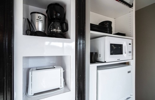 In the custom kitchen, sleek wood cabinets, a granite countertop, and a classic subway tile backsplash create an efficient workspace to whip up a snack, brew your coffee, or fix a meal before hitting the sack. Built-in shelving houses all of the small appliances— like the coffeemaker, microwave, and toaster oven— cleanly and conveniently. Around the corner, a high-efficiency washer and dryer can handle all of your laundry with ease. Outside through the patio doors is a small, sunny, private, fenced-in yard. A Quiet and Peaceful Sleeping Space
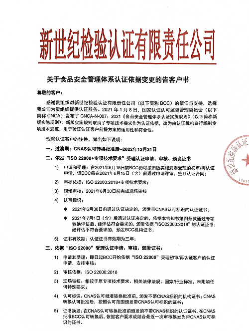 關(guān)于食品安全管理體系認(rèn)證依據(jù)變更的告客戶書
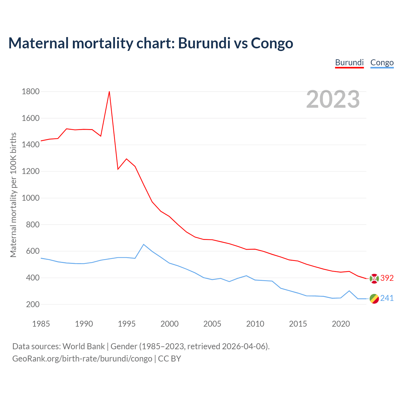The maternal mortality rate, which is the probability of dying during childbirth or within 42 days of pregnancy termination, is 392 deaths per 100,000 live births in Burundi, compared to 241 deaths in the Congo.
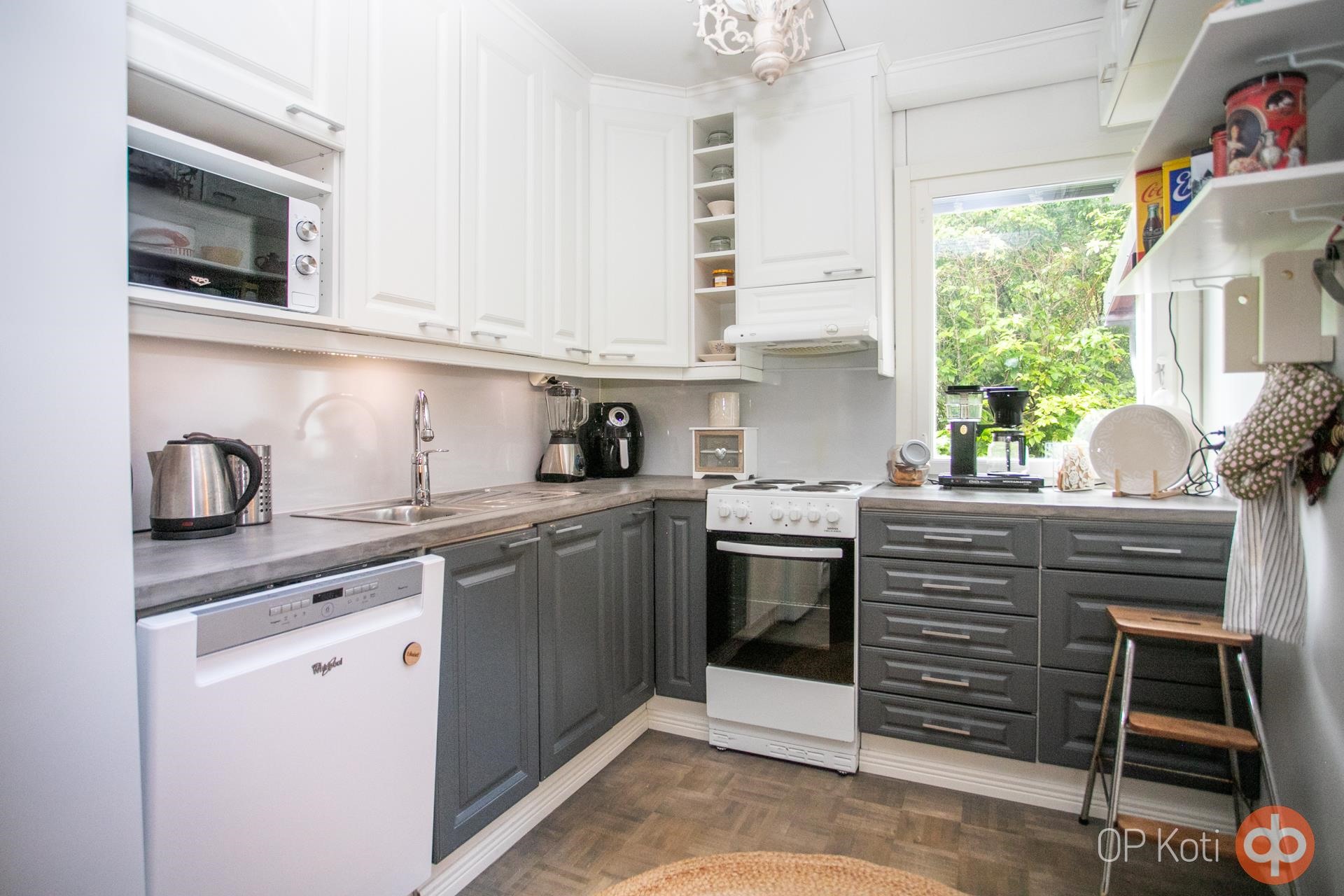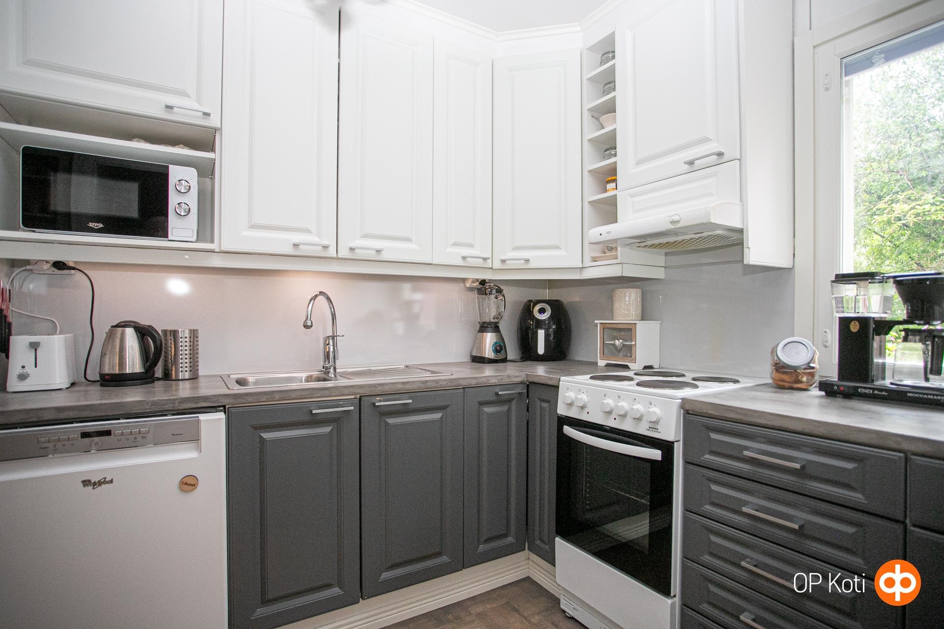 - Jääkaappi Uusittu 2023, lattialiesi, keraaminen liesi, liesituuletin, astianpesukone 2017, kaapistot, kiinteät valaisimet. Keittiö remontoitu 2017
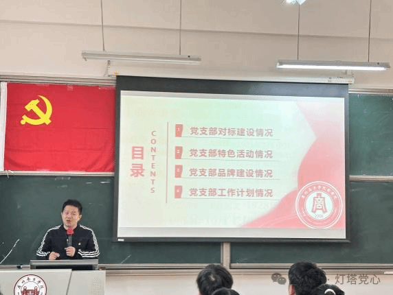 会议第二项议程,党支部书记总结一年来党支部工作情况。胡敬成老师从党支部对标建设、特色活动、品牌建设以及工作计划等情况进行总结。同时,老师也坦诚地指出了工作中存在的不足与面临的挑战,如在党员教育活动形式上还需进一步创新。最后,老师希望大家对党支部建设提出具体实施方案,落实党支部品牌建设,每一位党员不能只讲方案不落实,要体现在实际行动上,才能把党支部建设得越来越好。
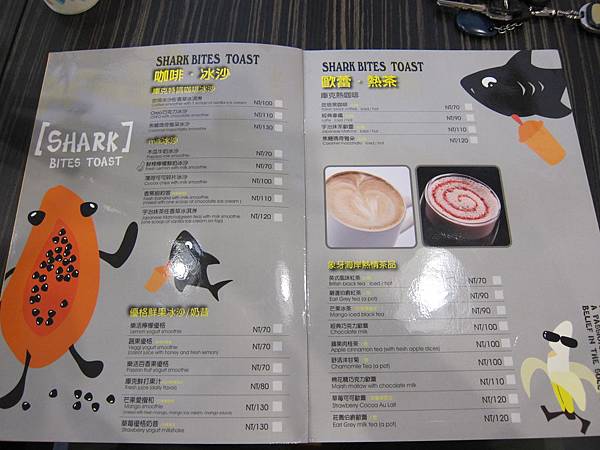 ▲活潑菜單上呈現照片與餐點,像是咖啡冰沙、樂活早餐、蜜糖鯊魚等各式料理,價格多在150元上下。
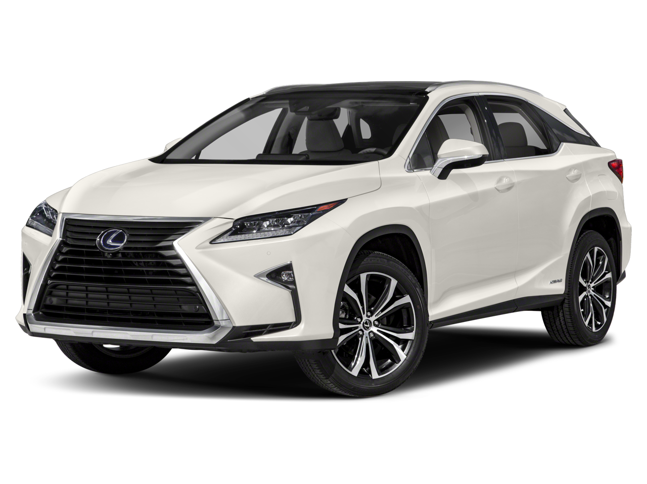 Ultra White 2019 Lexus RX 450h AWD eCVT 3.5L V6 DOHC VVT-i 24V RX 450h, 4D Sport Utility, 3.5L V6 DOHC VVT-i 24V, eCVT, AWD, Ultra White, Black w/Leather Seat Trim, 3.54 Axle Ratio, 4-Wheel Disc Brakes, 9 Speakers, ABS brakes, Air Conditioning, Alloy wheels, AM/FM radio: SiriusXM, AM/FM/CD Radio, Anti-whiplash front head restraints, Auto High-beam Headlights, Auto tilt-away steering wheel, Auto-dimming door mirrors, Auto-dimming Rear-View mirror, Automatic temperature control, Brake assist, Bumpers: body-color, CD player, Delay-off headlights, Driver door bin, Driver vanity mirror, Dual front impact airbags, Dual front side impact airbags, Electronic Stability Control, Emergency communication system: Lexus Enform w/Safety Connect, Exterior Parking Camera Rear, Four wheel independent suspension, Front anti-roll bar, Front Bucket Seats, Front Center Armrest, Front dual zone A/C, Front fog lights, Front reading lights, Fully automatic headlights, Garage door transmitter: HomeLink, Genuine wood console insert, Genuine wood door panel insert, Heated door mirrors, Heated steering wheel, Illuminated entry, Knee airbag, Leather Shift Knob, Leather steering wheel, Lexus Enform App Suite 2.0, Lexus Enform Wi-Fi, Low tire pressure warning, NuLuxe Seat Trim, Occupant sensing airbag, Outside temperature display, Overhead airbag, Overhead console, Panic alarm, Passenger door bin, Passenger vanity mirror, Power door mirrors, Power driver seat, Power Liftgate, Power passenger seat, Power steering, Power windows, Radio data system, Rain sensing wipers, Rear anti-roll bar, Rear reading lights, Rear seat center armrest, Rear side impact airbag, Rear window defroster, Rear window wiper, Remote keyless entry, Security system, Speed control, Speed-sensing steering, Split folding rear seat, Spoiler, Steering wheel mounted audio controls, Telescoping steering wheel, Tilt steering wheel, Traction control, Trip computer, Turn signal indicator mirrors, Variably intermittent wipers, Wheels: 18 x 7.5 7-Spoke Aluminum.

* * *

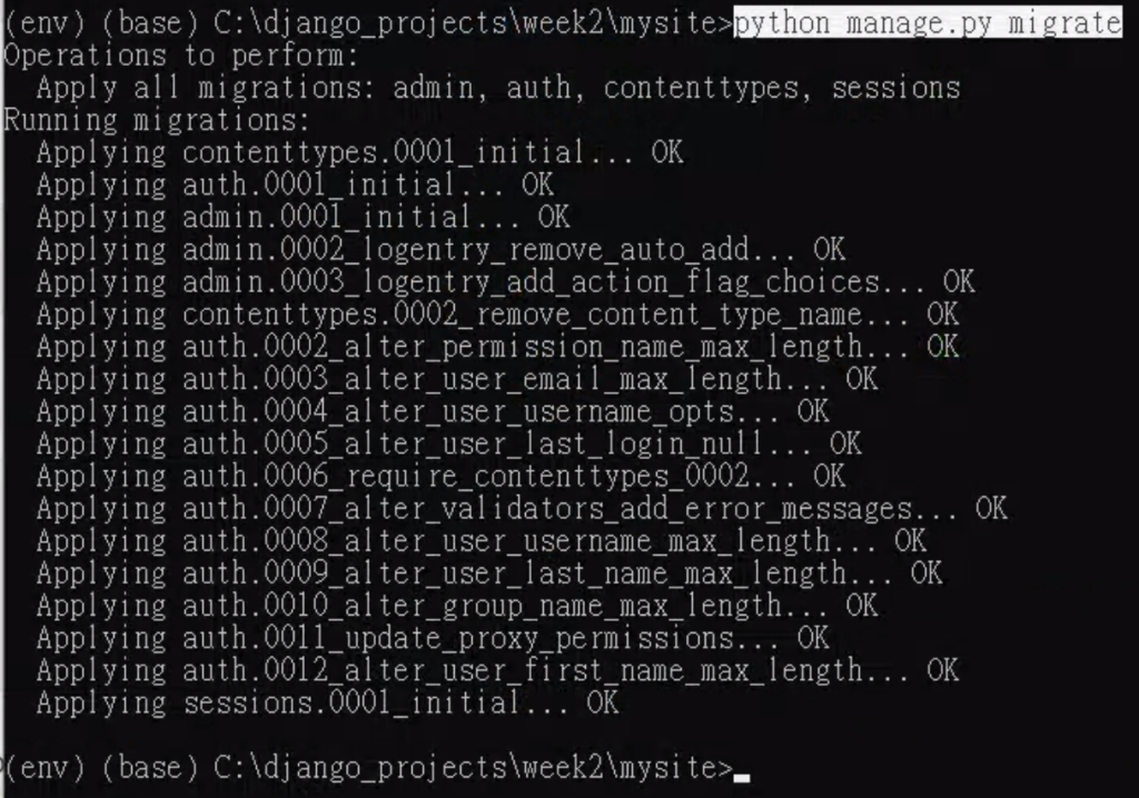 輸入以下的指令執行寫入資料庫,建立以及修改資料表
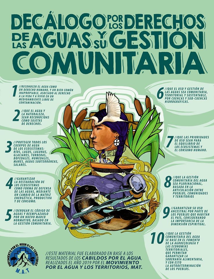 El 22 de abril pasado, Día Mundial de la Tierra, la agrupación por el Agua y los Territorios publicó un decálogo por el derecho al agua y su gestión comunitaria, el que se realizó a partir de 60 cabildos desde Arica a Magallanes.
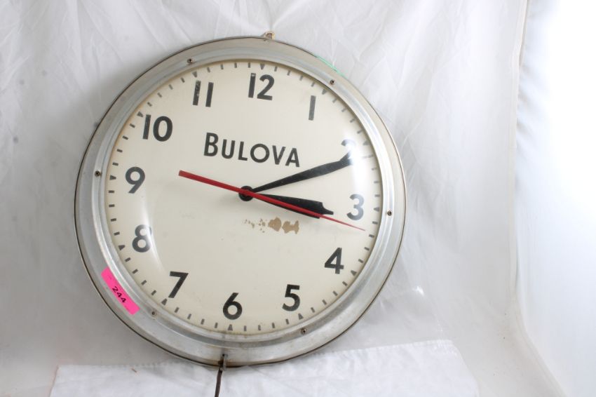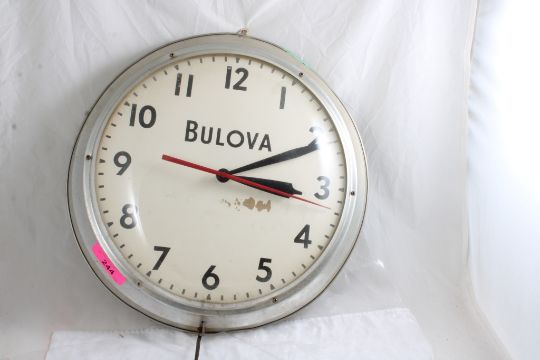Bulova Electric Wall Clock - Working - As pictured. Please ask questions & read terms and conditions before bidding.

Work required =>
Only one stretch of the listing is wanted: the lines starting at the one with "In the custom" and ending at the one with "- Jääkaappi Uusittu", copied exactly and free of pictures.

Answer box =>
 In the custom kitchen, sleek wood cabinets, a granite countertop, and a classic subway tile backsplash create an efficient workspace to whip up a snack, brew your coffee, or fix a meal before hitting the sack. Built-in shelving houses all of the small appliances— like the coffeemaker, microwave, and toaster oven— cleanly and conveniently. Around the corner, a high-efficiency washer and dryer can handle all of your laundry with ease. Outside through the patio doors is a small, sunny, private, fenced-in yard. A Quiet and Peaceful Sleeping Space
 關(guān)于食品安全管理體系認(rèn)證依據(jù)變更的告客戶書
The maternal mortality rate, which is the probability of dying during childbirth or within 42 days of pregnancy termination, is 392 deaths per 100,000 live births in Burundi, compared to 241 deaths in the Congo.
 - Jääkaappi Uusittu 2023, lattialiesi, keraaminen liesi, liesituuletin, astianpesukone 2017, kaapistot, kiinteät valaisimet. Keittiö remontoitu 2017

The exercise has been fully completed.